The data source of the previous stage is based on the existing large-scale data set, and the result after data processing and analysis has a certain delay, usually the data processed is the data of the previous day.

Example scenarios: website anti-theft chain, abnormal customer account, and real-time credit investigation. What if these scenarios are analyzed based on the data of the previous day? Is it too late? So in this stage, we introduce real-time data acquisition and analysis. It mainly includes: FLUME real-time data acquisition, which is supported by a wide range of sources, KAFKA data receiving and sending, STORM real-time data processing, and data processing second level.
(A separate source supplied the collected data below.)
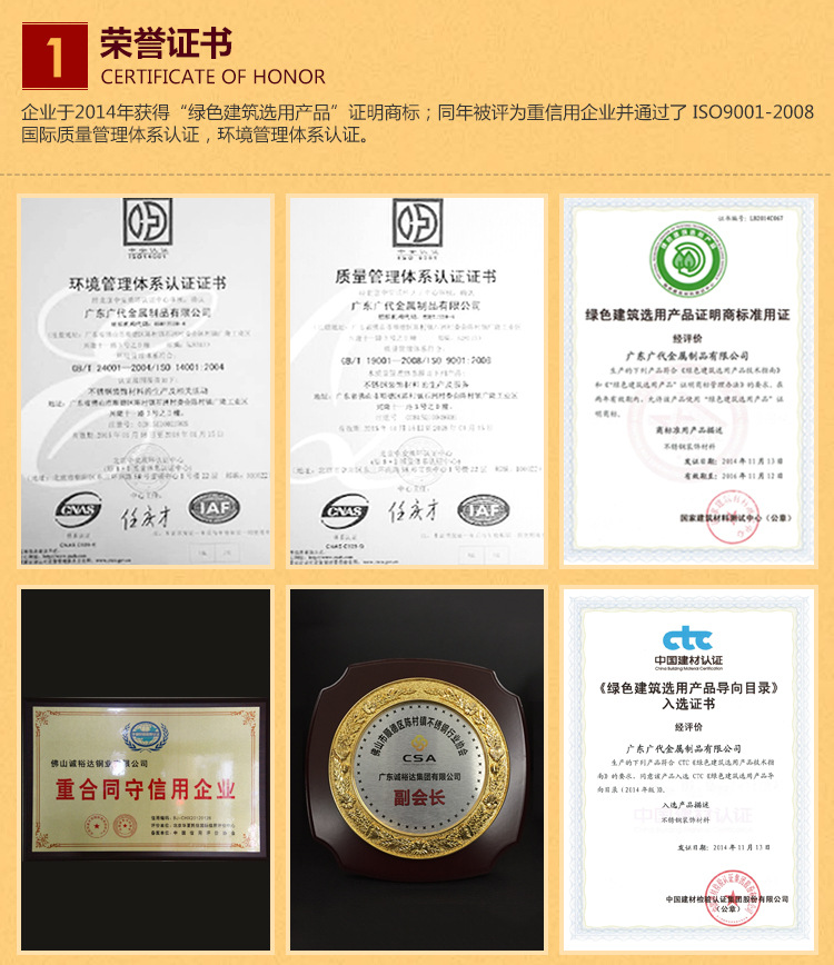 该公司在2014年赢得了“绿色建筑物精选产品”认证标记;在同一年,它被评为声誉不错的企业并通过ISO9001-20
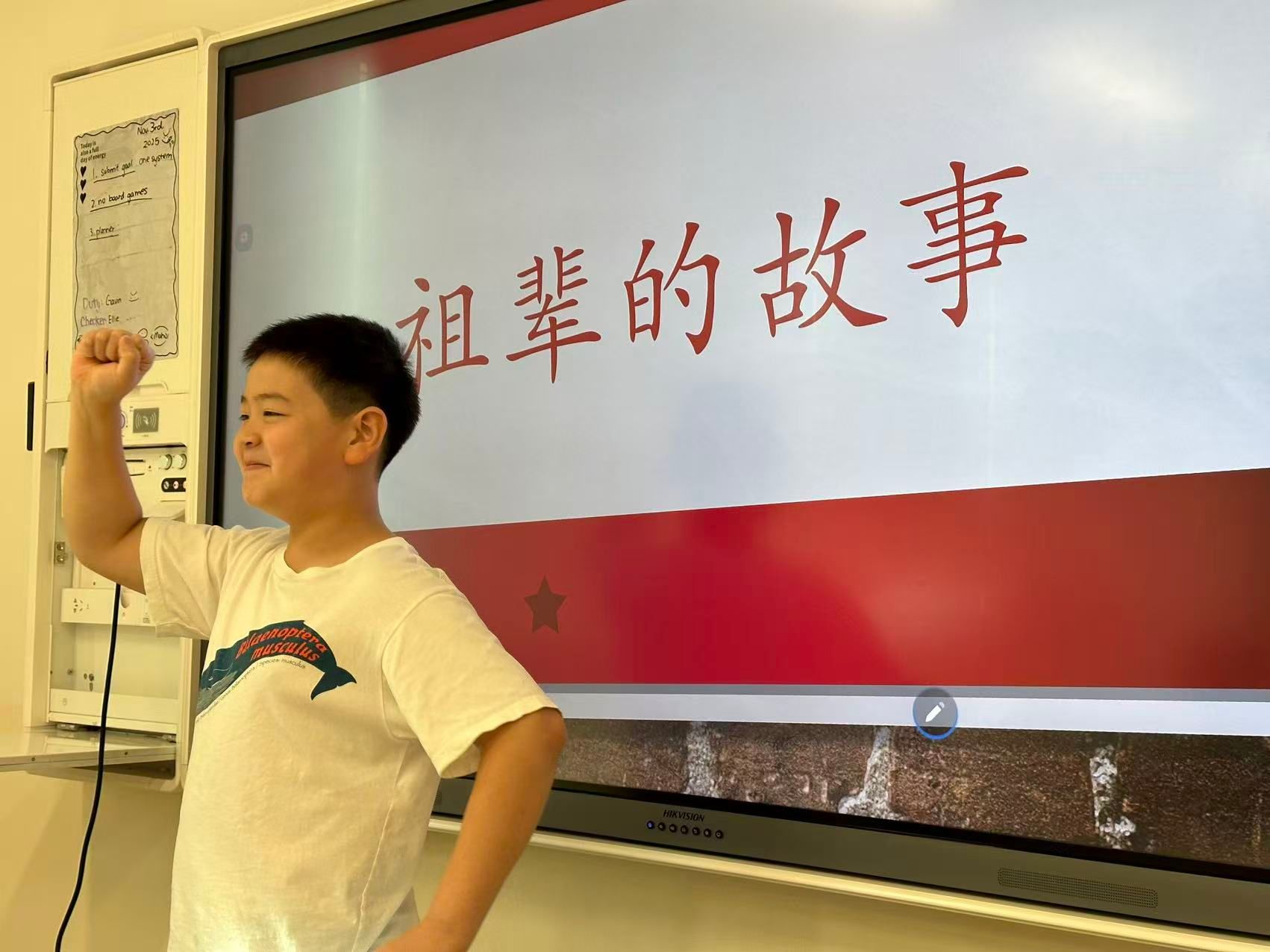 10月31日,学生携带采访提纲回家聆听祖辈的校园记忆,并于班级分享会上用中文配以图画、照片进行讲述。一段段跨越年代的校园故事,在童声复述中焕发新的生命力,成为连接代际情感的文化纽带。
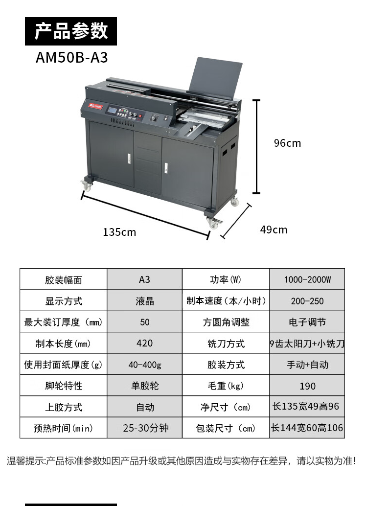 震旦/AURORA AM50B-A3 装订机 50mm全自动柜式无线胶装机A3幅面标书文件书籍论文报告合同 热熔胶粒装订机 自营
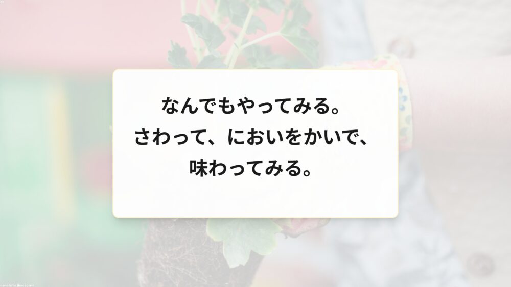 難しく考える前に、実際に手で触れて、においをかいで、味わってみるのです。
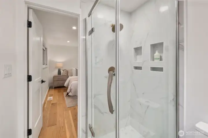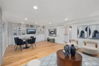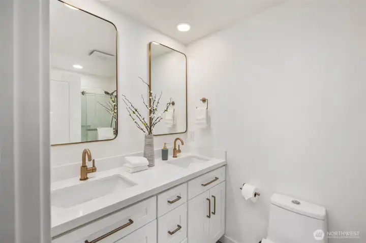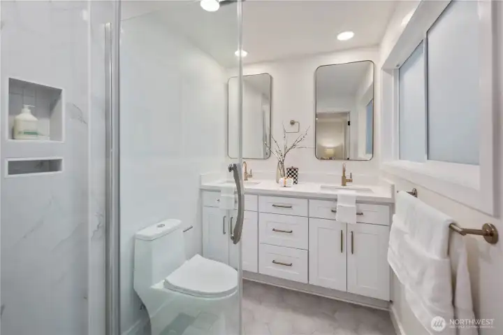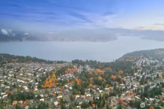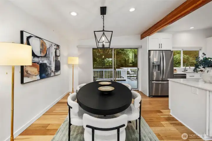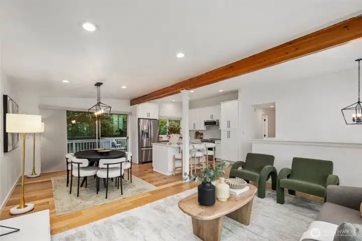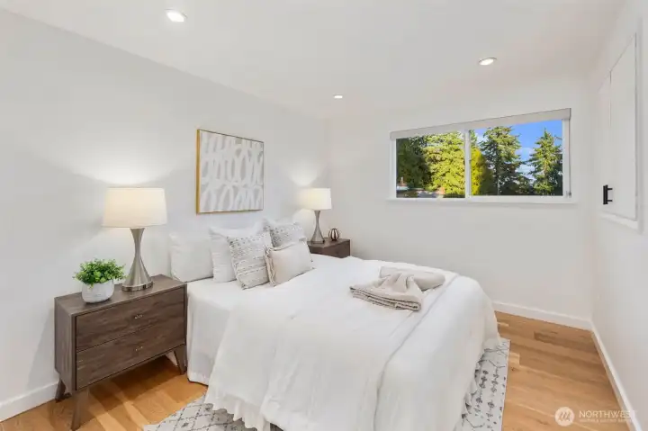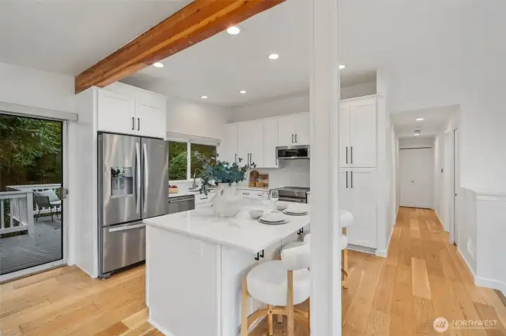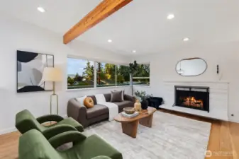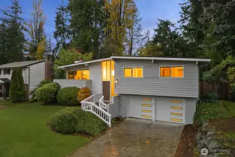 Stunning mid-century remodel in sought-after Lochmoor with sweeping Cascade views and an open, light-filled design. The heart of the home is a modern kitchen with quartz counters, stainless appliances, and an induction cooktop, seamlessly blending style and function. Recent upgrades include newer windows, A/C, furnace, PVC roof, garage doors, waterproof engineered hardwoods, plus refreshed baths, electrical, water heater, doors, and hardware. The lower level offers a spacious bonus room with a cozy fireplace. Outside, enjoy a private fenced backyard and deck. All within the top-rated Bellevue School District and close to Crossroads, parks, shops, dining, and major freeways.

VIII. Stage VIII: SPARK data analysis

1. Easy program: five stars

2. Class hours (technical knowledge points+stage project tasks+comprehensive ability)

3. The main technologies include: introduction to SCALA (data types, operators, control statements, basic functions), advanced use of SCALA (data structures, classes, objects, characteristics, pattern matching, regular expressions), advanced use of SCALA (high-order functions, Cory functions, partial functions, tail iterations, self-contained high-order functions, etc.), and introduction to SPARK (environment construction, infrastructure, operation mode, etc.). SPARK SQL, SPARK Advanced (DATA FRAME, DATASET, SPARK STREAMING Principle, SPARK STREAMING Support Source, KAFKA and SOCKET Integration, Programming Model), SPARK Advanced Programming (Spark-GraphX, Spark-Mllib Machine Learning), SPARK advanced application (system architecture, main configuration and performance optimization, fault and stage recovery), SPARK ML KMEANS algorithm, SCALA implicitly transforms advanced features.

4. The description is as follows:

Let's talk about the previous stage, mainly the first stage. HADOOP is relatively slow in analyzing large-scale data sets based on MR, including machine learning and artificial intelligence. And it is not suitable for iterative calculation. SPARK is an alternative product of MR in analysis. How to replace it? Let's talk about their operating mechanism first. HADOOP is based on disk storage analysis, while SPARK is based on memory analysis. You may not understand what I said, but to put it more vividly, it is like taking a train from Beijing to Shanghai. MR is a green leather train, and SPARK is a high-speed rail or maglev. SPARK, on the other hand, is developed based on SCALA language, and of course it supports SCALA best, so learn the SCALA development language first in the course.

In the design of the data course of Keda University, the positions in the market require technology and are basically fully covered. Moreover, it is not simply to cover the job requirements, but the course itself is a complete big data project process from front to back.

For example, from the storage and analysis of historical data (HADOOP,HIVE,HBASE) to the real-time data storage (FLUME,KAFKA) and analysis (STORM,SPARK), these are interdependent in real projects.